[Start of section]

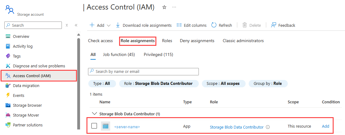 Storage Blob Data Contributorrol en controleer of de beheerde identiteit voor uw SQL Server-exemplaar wordt vermeld:
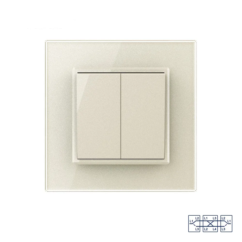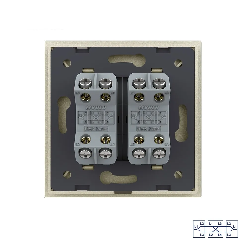 Двухклавишный перекрестный механический выключатель Livolo на 1 пост со стеклянной рамкой LIVOLO предназначен для управления двумя линиями нагрузки из трех мест. Для управления из трех мест необходимы два проходных выключателя и один перекрестный. В схеме подключения перекрестный выклчючатель устанавливается между проходными. Поддерживает управление лампами любого типа.
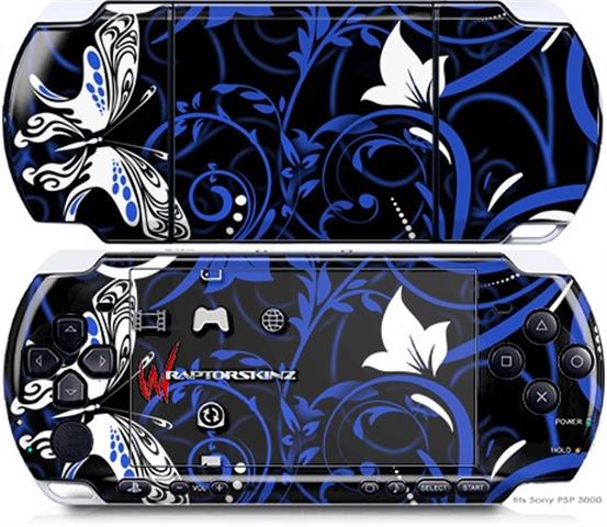 Sony PSP 3000 Decal Style Skin - Twisted Garden Blue and White
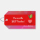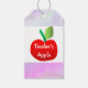 Maravillosa etiqueta de regalo para profesores (manzana roja con corazón rosa y franja de color con fondo rojo)
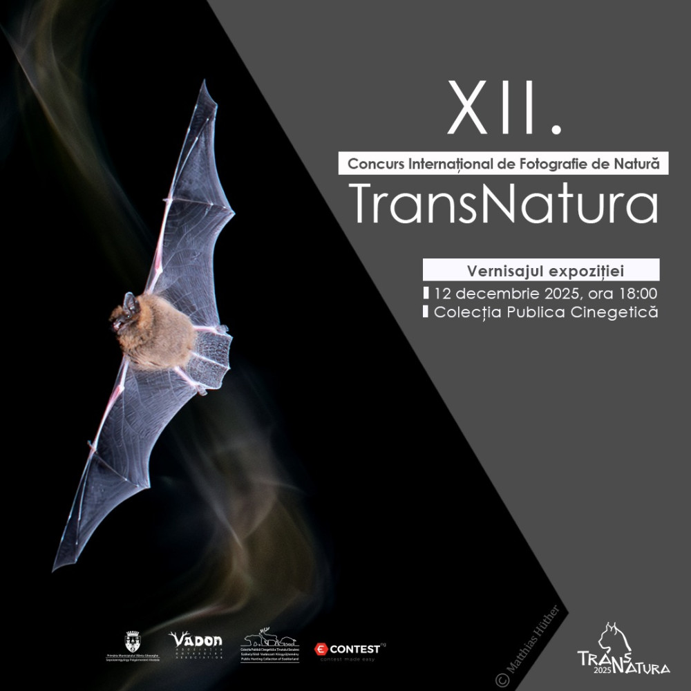 Asociația Vadon are onoarea de a vă invita la vernisajul expoziției Concursului Internațional de Fotografie de Natură TransNatura, ediția a XII-a, care va avea loc în data de 12 decembrie 2025, ora 18:00, în cadrul Colecției Publice Cinegetice.
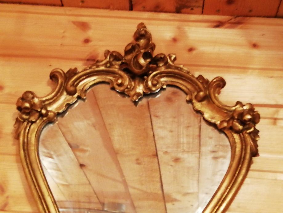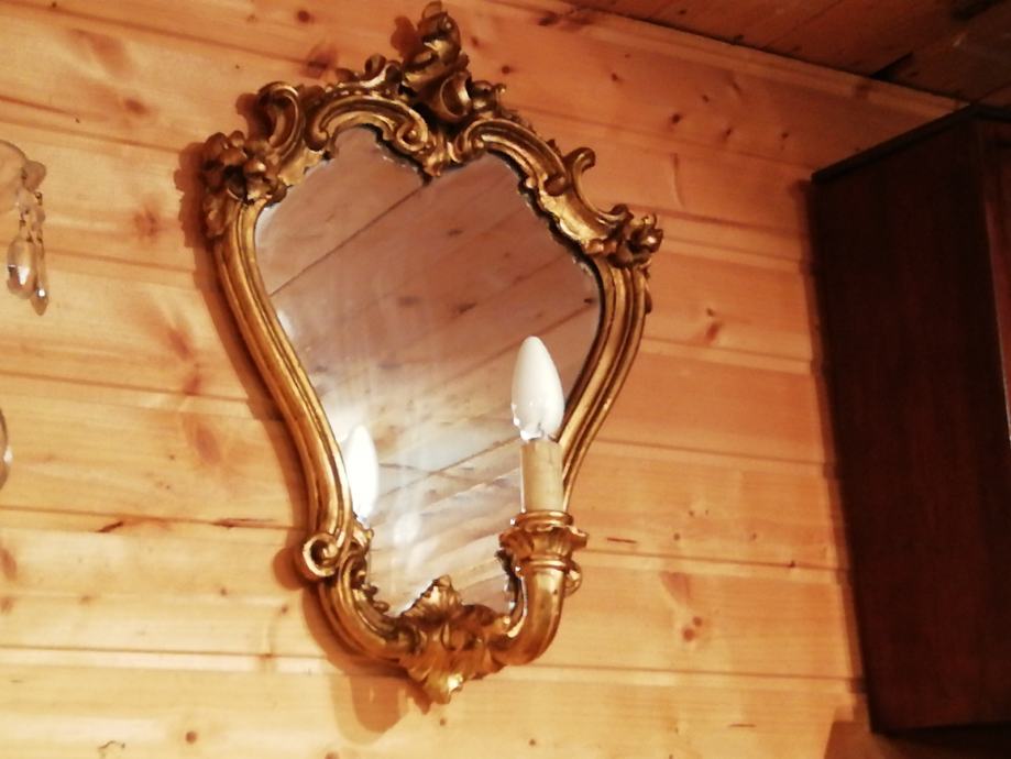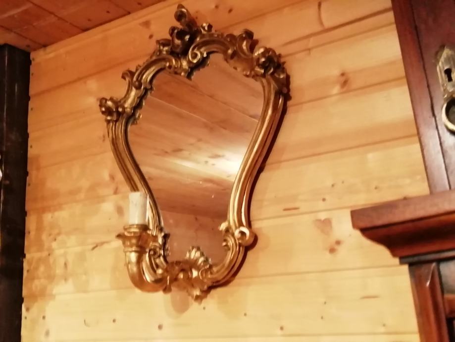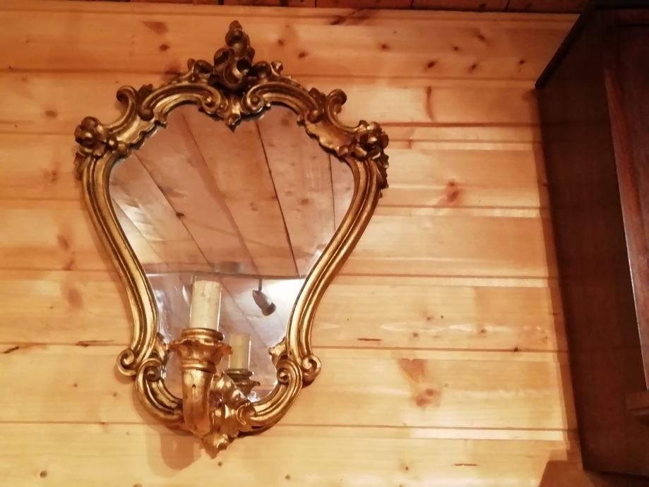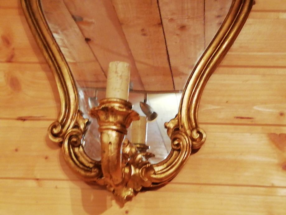 Pozlacena i rezbarena drvena konzola sa ogledalom. Na ogledalu se nalazi lampica. Konzola duzine 60 cm visina 60 cm i dubina 28 cm. Ogledalo visina 55 cm, sirina 40 cm.
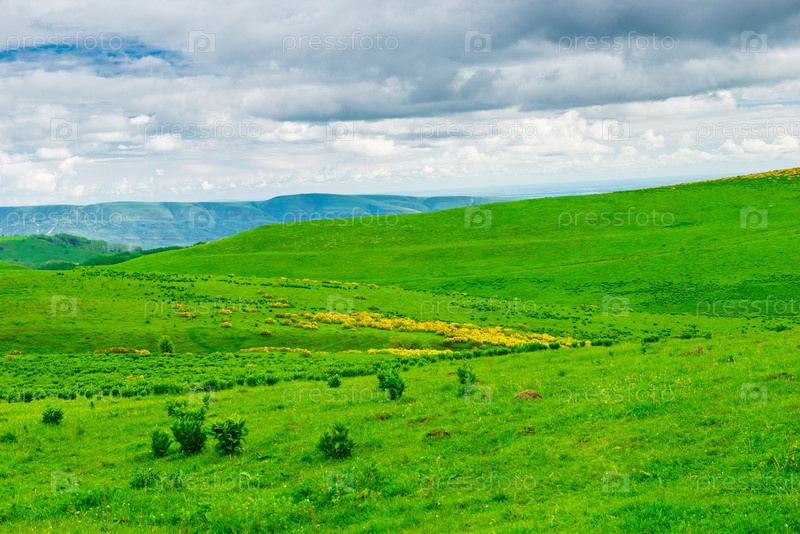 Живописные зеленые холмы в пасмурную погоду. Кавказ
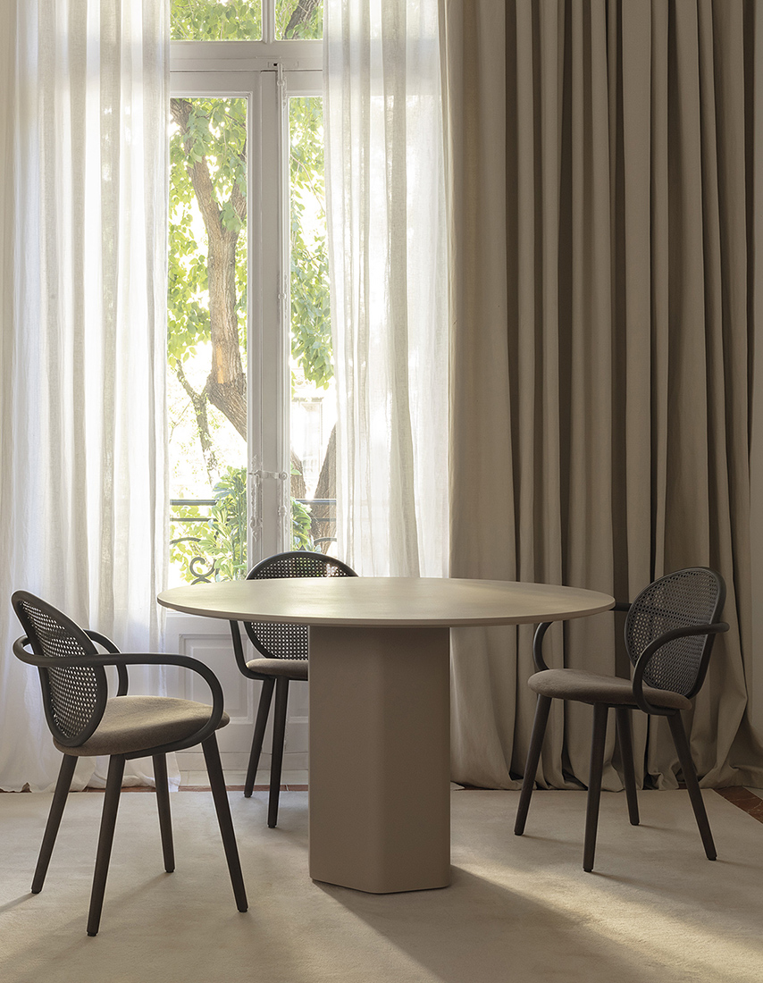 Круглый обеденный стол Talo для помещений Altherr Désile Park. 2023 Столешница и ножки из массива европейского дуба с сечением 21 мм/0,83 дюйма. Основание оснащено металлическим противовесом для обеспечения устойчивости стола. Коллекция также доступна в лакированной версии (МДФ) и в шпоне европейского дуба.
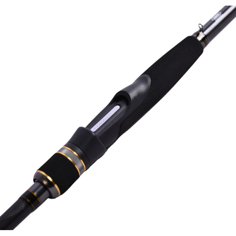 Die steife Mittelpartie sorgt für ein kraftvolles und sicheres Anjiggen sowie zuverlässige Anhiebe, selbst bei aggressiven Köderführungen. Gleichzeitig garantiert die elastische Spitze (SST) eine feine Rückmeldung über den gesamten Wurf- und Köderbereich – ideal für sensible Bisse in tiefem Wasser oder bei schwierigen Bedingungen.
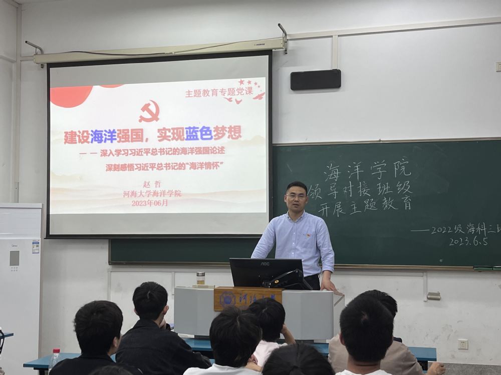 6月5日晚,赵哲副院长走进结对班级,为学生讲授题为“建设海洋强国,实现蓝色梦想”的主题教育专题党课,带领学生深入学习习近平总书记的海洋强国论述,深刻感悟习近平总书记的“海洋情怀”。
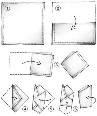 - Turn the pocket square so that both tips are facing up. Fold in the left side.
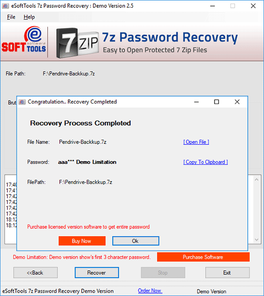 Star the recovery process and get immediate results. After recovery, easily put the recovered password to 7z file and unlock it easily.
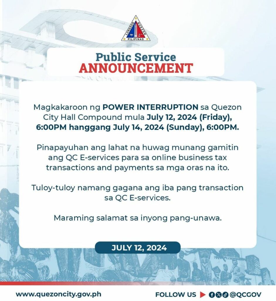 Magkakaroon ng POWER INTERRUPTION sa Quezon City Hall Compound mula July 12, 2024 (Friday), 6:00PM hanggang July 14, 2024 (Sunday), 6:00PM.
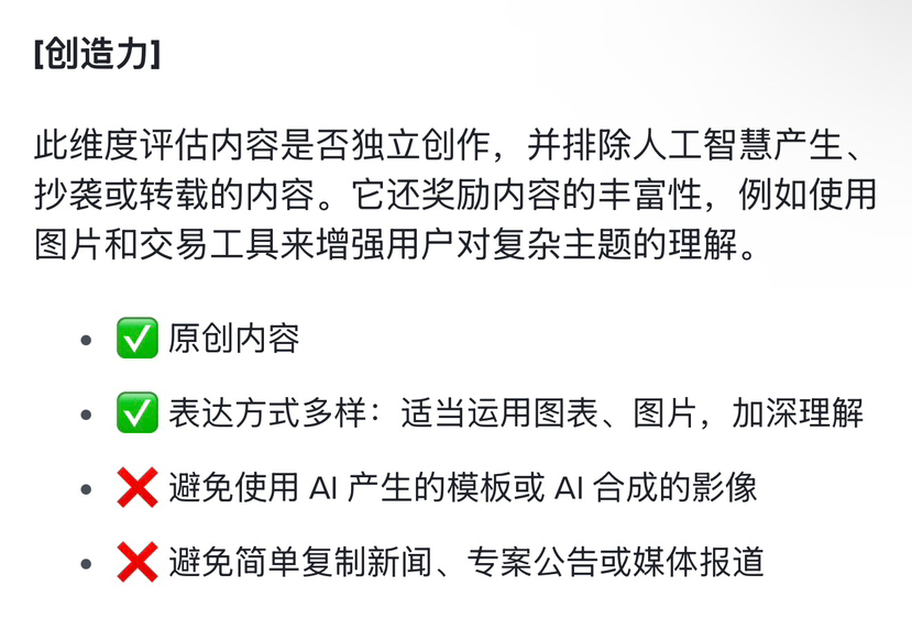 Pochodzi z oficjalnej aktualizacji 6 stycznia (Odnowienie platformy twórców (CreatorPad), punkty i nagrody są bardziej przejrzyste!), wtedy można było publikować 5 krótkich postów i 3 długie teksty dziennie, za każdy z nich odpowiednio 5 i 10 punktów. Teraz, chociaż zasady się zmieniły, długie i krótkie teksty mają po 100 punktów, ale nadal możemy dostrzec proporcje punktacji za obrazy przyznawane przez oficjalne źródła.

[End of section]

After dropping the pictures, please set down the lines from the beginning of the listing through the line containing "Asociația Vadon are", both included, exactly as they stand.

 Storage Blob Data Contributorrol en controleer of de beheerde identiteit voor uw SQL Server-exemplaar wordt vermeld:
 Двухклавишный перекрестный механический выключатель Livolo на 1 пост со стеклянной рамкой LIVOLO предназначен для управления двумя линиями нагрузки из трех мест. Для управления из трех мест необходимы два проходных выключателя и один перекрестный. В схеме подключения перекрестный выклчючатель устанавливается между проходными. Поддерживает управление лампами любого типа.
 Sony PSP 3000 Decal Style Skin - Twisted Garden Blue and White
 Maravillosa etiqueta de regalo para profesores (manzana roja con corazón rosa y franja de color con fondo rojo)
 Asociația Vadon are onoarea de a vă invita la vernisajul expoziției Concursului Internațional de Fotografie de Natură TransNatura, ediția a XII-a, care va avea loc în data de 12 decembrie 2025, ora 18:00, în cadrul Colecției Publice Cinegetice.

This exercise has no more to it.